In some sense, this peak in the singer's artistic life may have been the beginning of the end. Gaye's career after "What's Going On" was a series of ups and downs, still littered with hits like "Let's Get It On" and "Sexual Healing." He went from pushing the musical and political envelope to pushing the sexual one, struggling publicly with the politics of free love and his own desire to balance his strict religious background with his sexual desires. But he also struggled throughout with a severe addiction to cocaine, a tortured relationship with his father, and a messy second marriage that included violent outbursts on his part. After a 3-year self-imposed exile in Hawaii and Europe, Gaye ended up living back with his parents in Los Angeles in the early 1980s. Gaye was paranoid and suicidal, driven to distraction by his emotional demons and mostly unable to work.

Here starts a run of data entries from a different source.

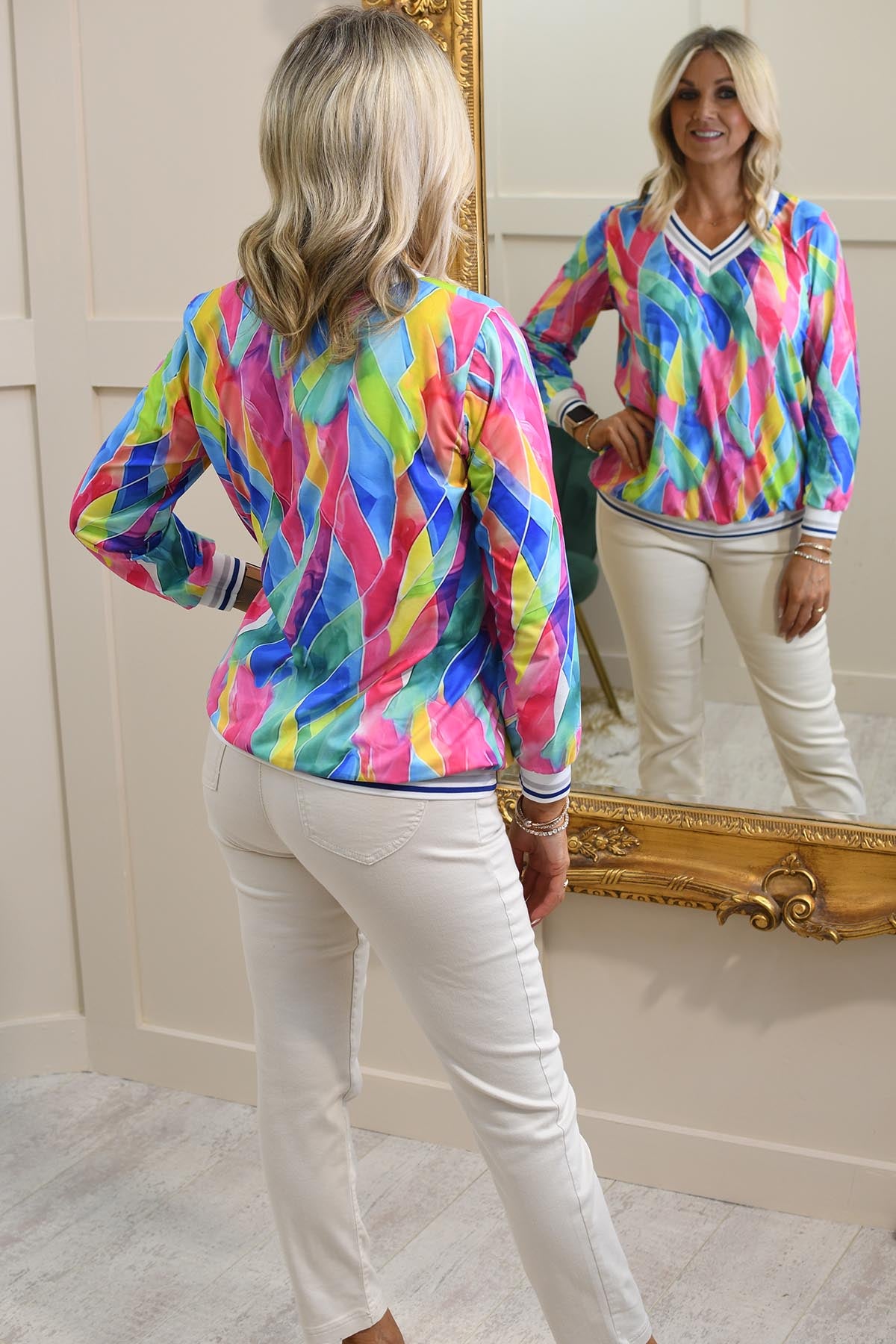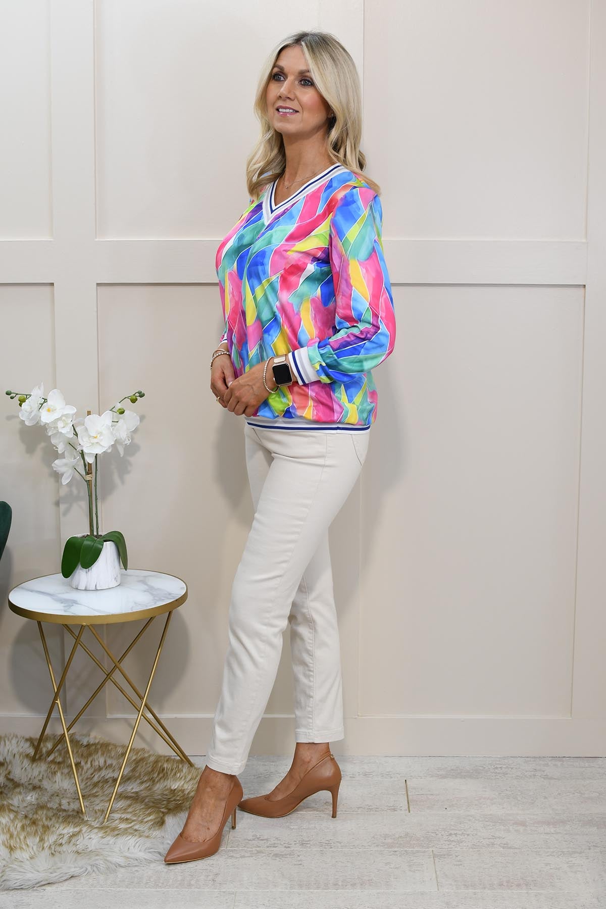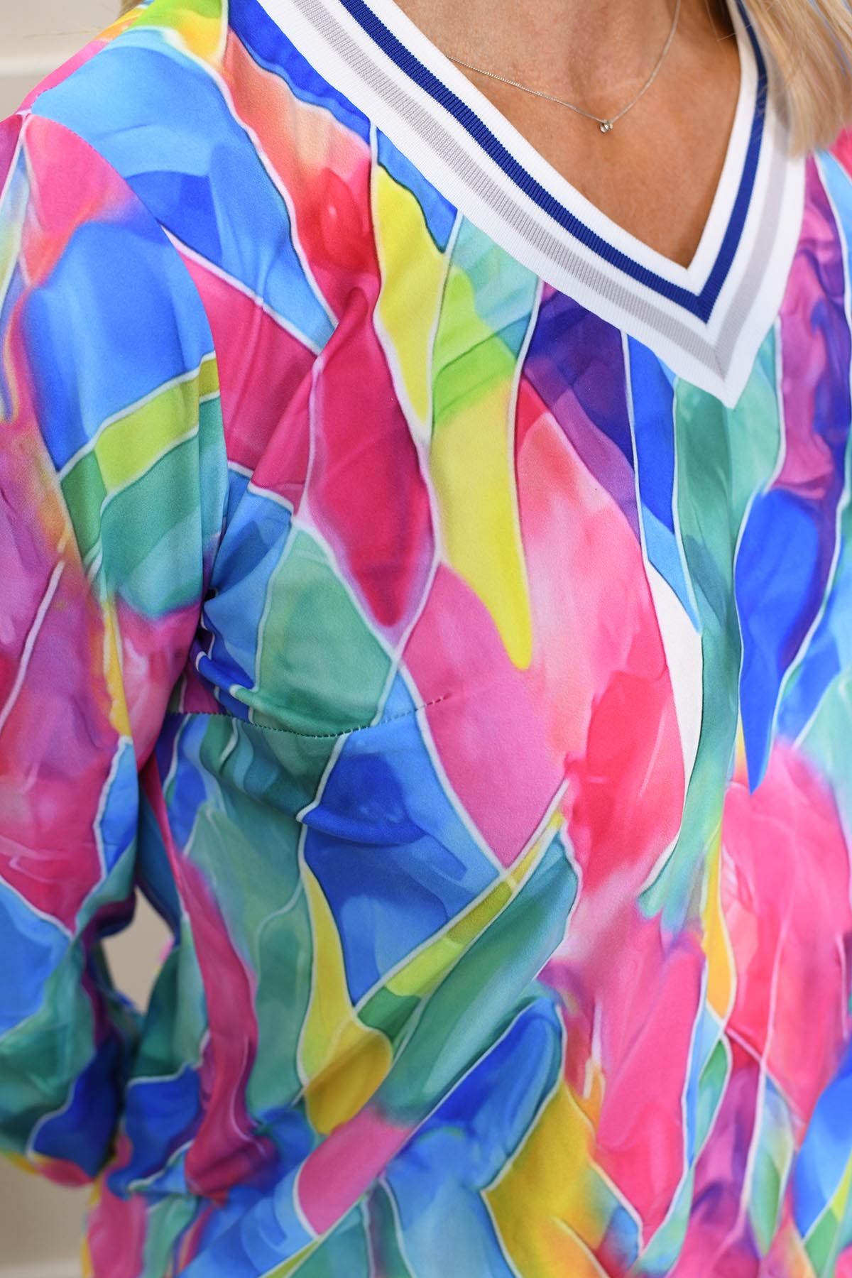 YEW Multicolour Diamond Print Top With Sports Cuff- 3825 Harley
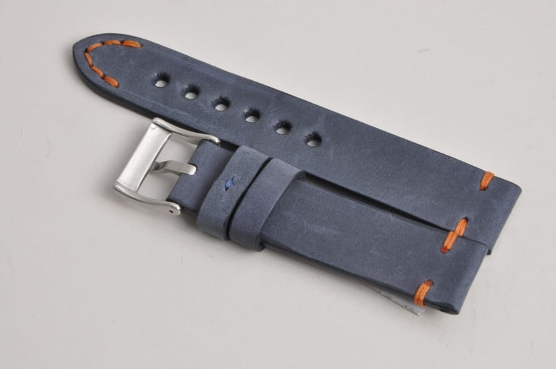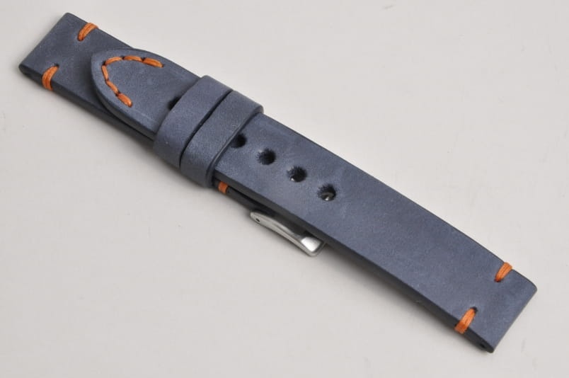 Pasek Skórzany Vintage, Niebieski, Pomarańczowa nić, 20mm
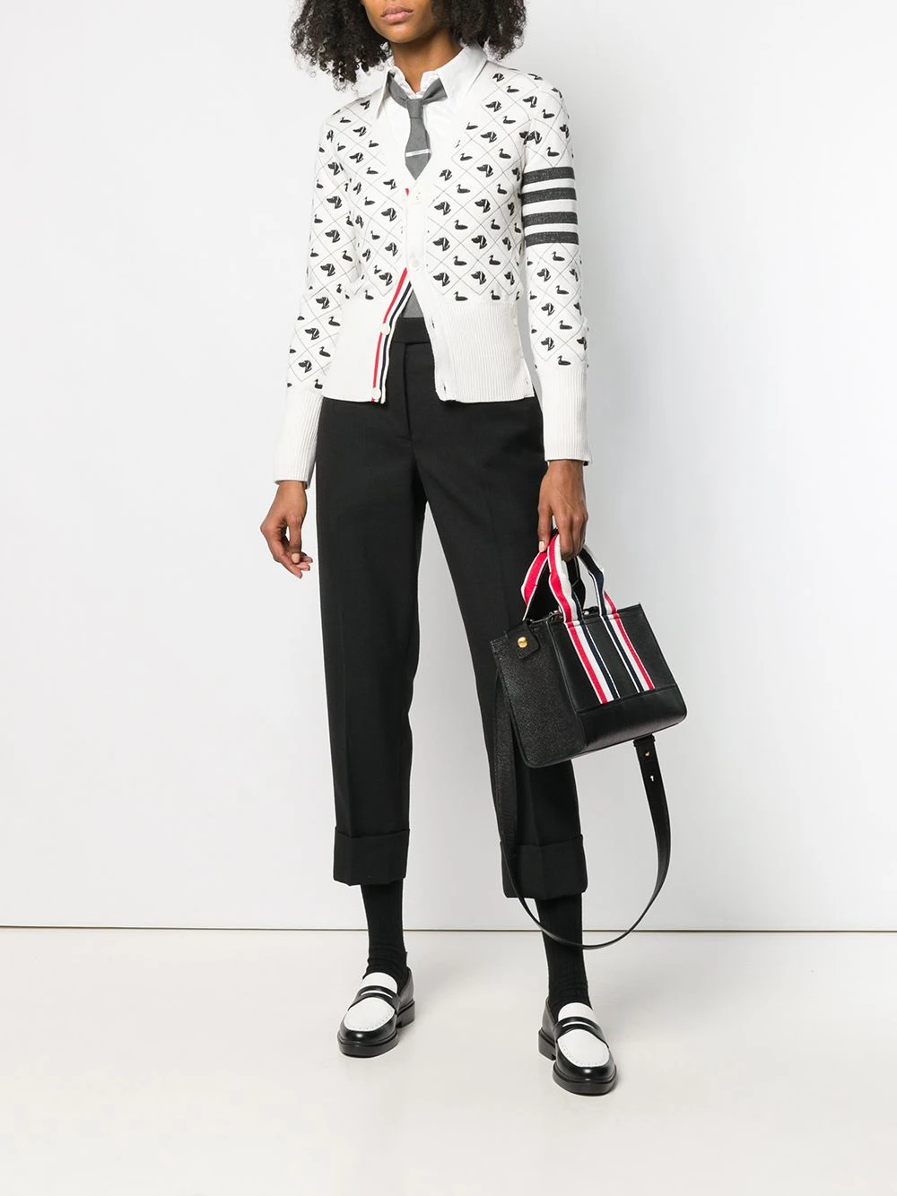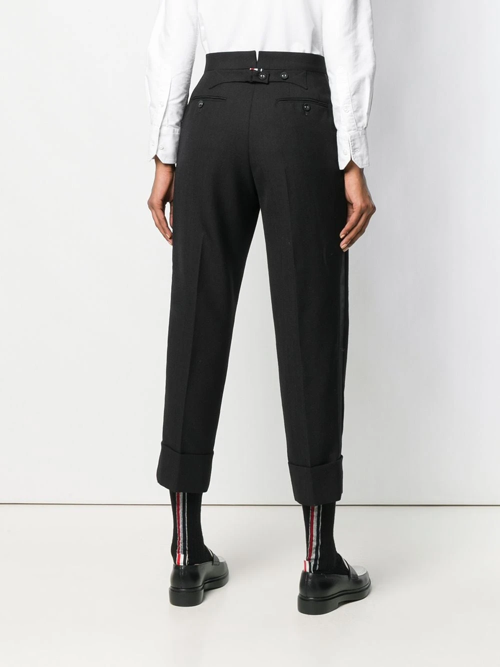 Since its launch in 2003, Thom Browne’s namesake label has gained notoriety for its clean designs and use of luxury materials, as showcased by these black backstrap trousers with a tuxedo stripe in 2Ply Fresco. Featuring a concealed front fastening, side pockets, two back buttoned welt pockets, turn up hems, pleated details, a cropped length and a tricolour grosgrain tab on the rear.
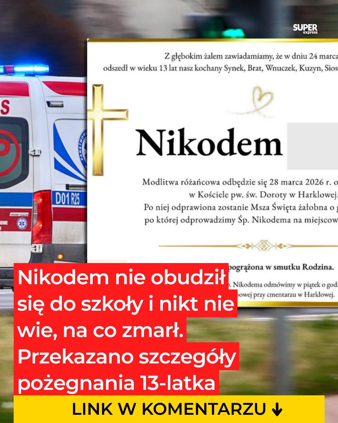 W Harklowej pod Jasłem doszło do niewyobrażalnego dramatu. To miał być zwykły dzień, ale 13-letni Nikodem nie obudził się do szkoły. Pomimo natychmiastowej pomocy służb, chłopca nie udało się uratować. Sekcja zwłok nie odpowiedziała jednoznacznie na pytanie, co było przyczyną jego śmierci. Przekazano informację o ostatnim pożegnaniu Nikodema.
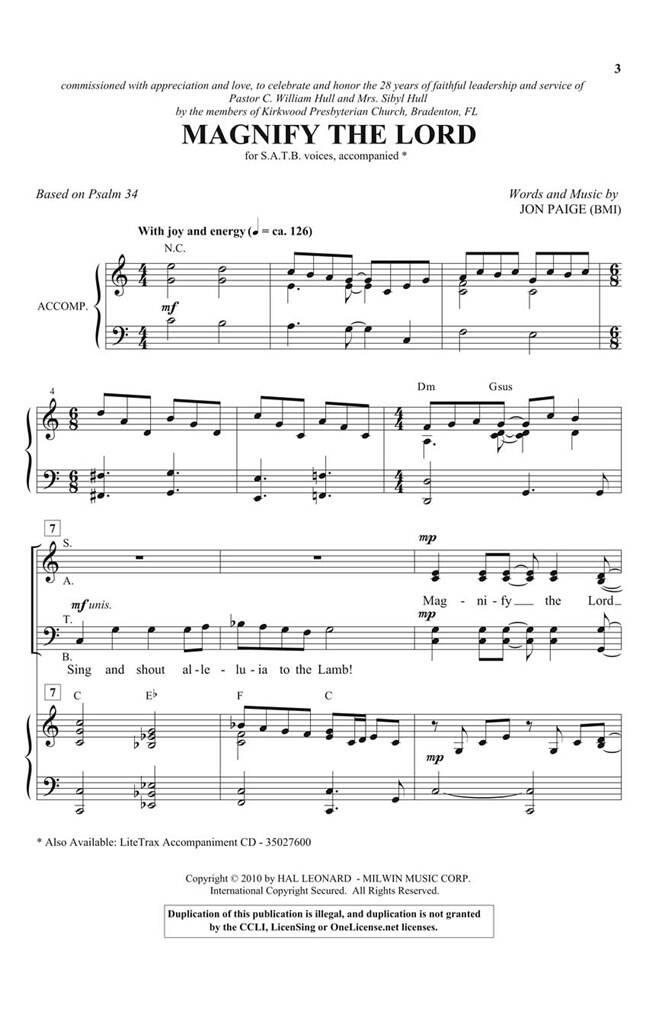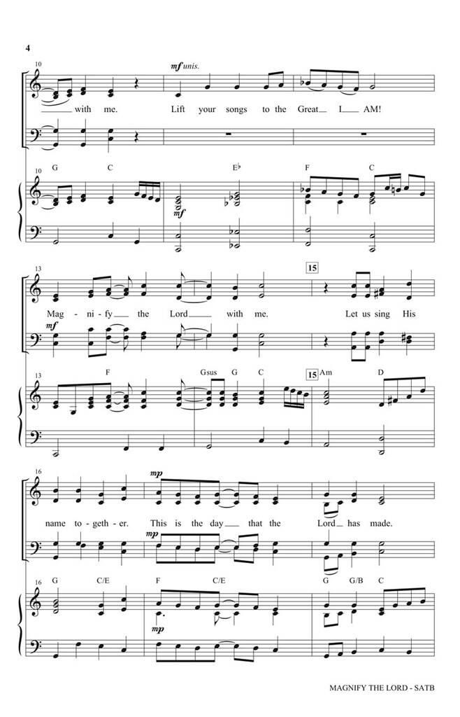 Utilisations : Général, Appel au culte, Jeunesse Écriture : Psaume 34:3 ; Psaume 18:46 Cet hymne mêle traditionnel et contemporain dans la même chanson avec un langage musical joyeux qui danse entre les deux styles. Transmettant un message tiré des Psaumes, l’œuvre comble le fossé pour les églises offrant des offices traditionnels/mixtes. Les jeunes et les adultes se connecteront à son message jubilatoire et louable.
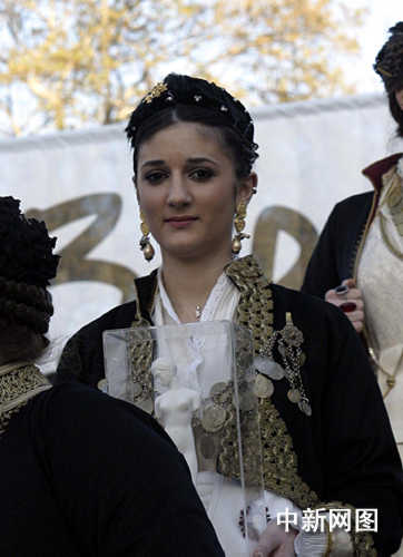 3月26日,北京奧運會圣火希臘境內(nèi)傳遞第三日,抵達當天最后一個城市韋里亞。圖為慶典儀式上的禮儀小姐。中新社記者 王歡
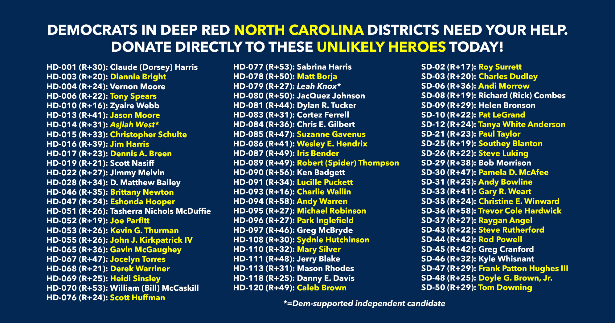 Donate to Democrats running in deep red districts to boost turnout & force Republicans to defend their turf!
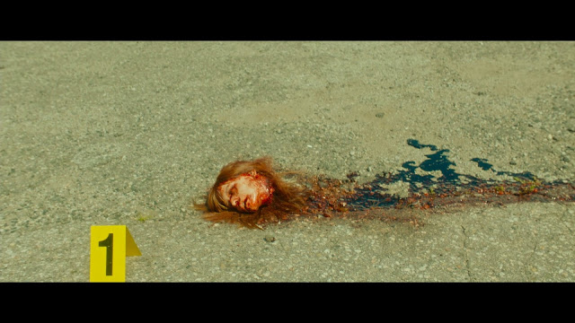 Audio/Video: Random Acts of Violence (2019) arrives on region-free Blu-ray from Acorn Media International in 1080p HD framed in 2.38:1 widescreen. This is a digital shot film and it looks great, lots of artful lighting and inventive staging of the gore set-pieces with an abundance of fine detail in the close-ups of the gruesome stuff. It's a stylized looking film with uneven contrast and color-grading that enhances the unhinged mood of it, to me it sort of had a House of A 1000 Corpses vibe to it visually. Audio comes by way of English DTS-HD MA 5.1 with optional English subtitles, offering plenty of bombastic bass and nice use of the surrounds during the action/attack sequences.
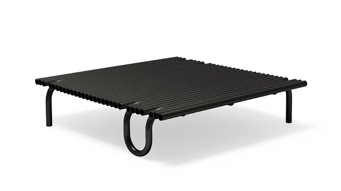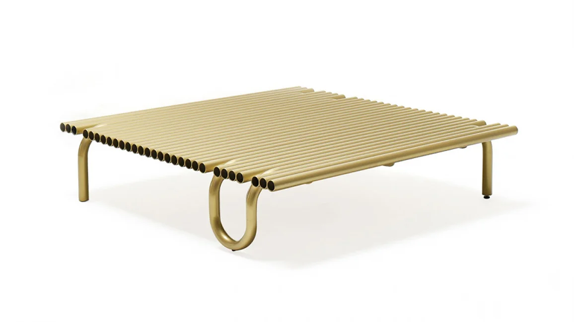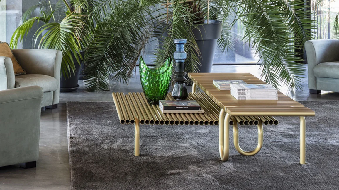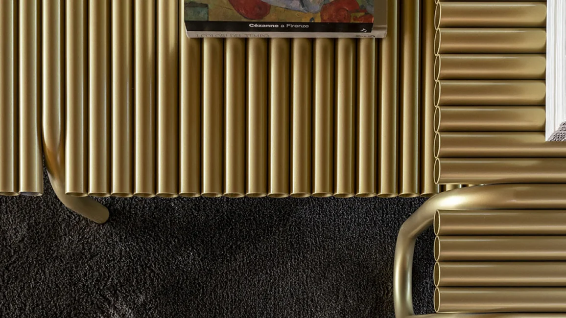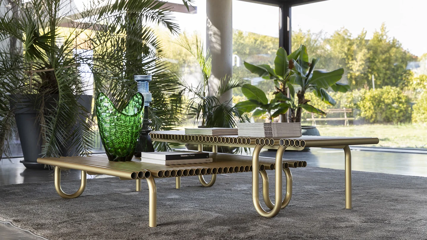 Metal coffee tables and consoles characterized by a strong graphic sign and a strong personality. Essential lines and well-known geometries. The surfaces created through the repetitive rhythm of the metal tubes create lightness and solidity at the same time. Together with the console to be fixed to the wall, the square and rectangular coffee tables furnish with elegance.

In a horrifying turn of events, Gaye was shot to death by his own father during a fight the day before his 45th birthday, in April 1984. People say the tortured singer had a death wish, tragically fulfilled by the very man who brought him onto the earth. Marvin's mother was present during the shooting, adding a special poignancy to the opening lines of "What's Going On": "Mother, mother mother/There's too many of you crying."
Because of "What's Going On," the image of Marvin Gaye is inseparable from the memory of the era of war protests and black power, but he also endures as a sex symbol and pop superstar. It's hard to imagine a pop star these days bridging that gap quite so smoothly—maybe it was his good looks, or maybe it was the times, but Gaye made the leap with style. He knew that you didn't have to be Huey Newton to advocate for social change in your own way.
"You know what bothers me?" Marvin Gaye said to a radio reporter in the early 1970s. "It bothers me tremendously to see us sit around and look at the people virtually destroying us, and pretending that it's okay. I cannot understand how we human beings can let a few powerful men in the world treat us like cattle, and insensitive people, and robots. We're programmed, we're sensitized, we're Big Brothered, and we're police stated. We have no fight, we seem apathetic…I don't see why so many people in the world are allowing a few men to destroy our civilization…Stand up and say, 'We people who love to live the simple life, who love the sun and the air and the birds and the bees, whom you people don't seem to have any regard for…' Somewhere, somehow, it has to be stopped, or we're gonna all be destroyed and very soon, perhaps in my lifetime."
Or, to paraphrase: "Right on, baby…what's going on?"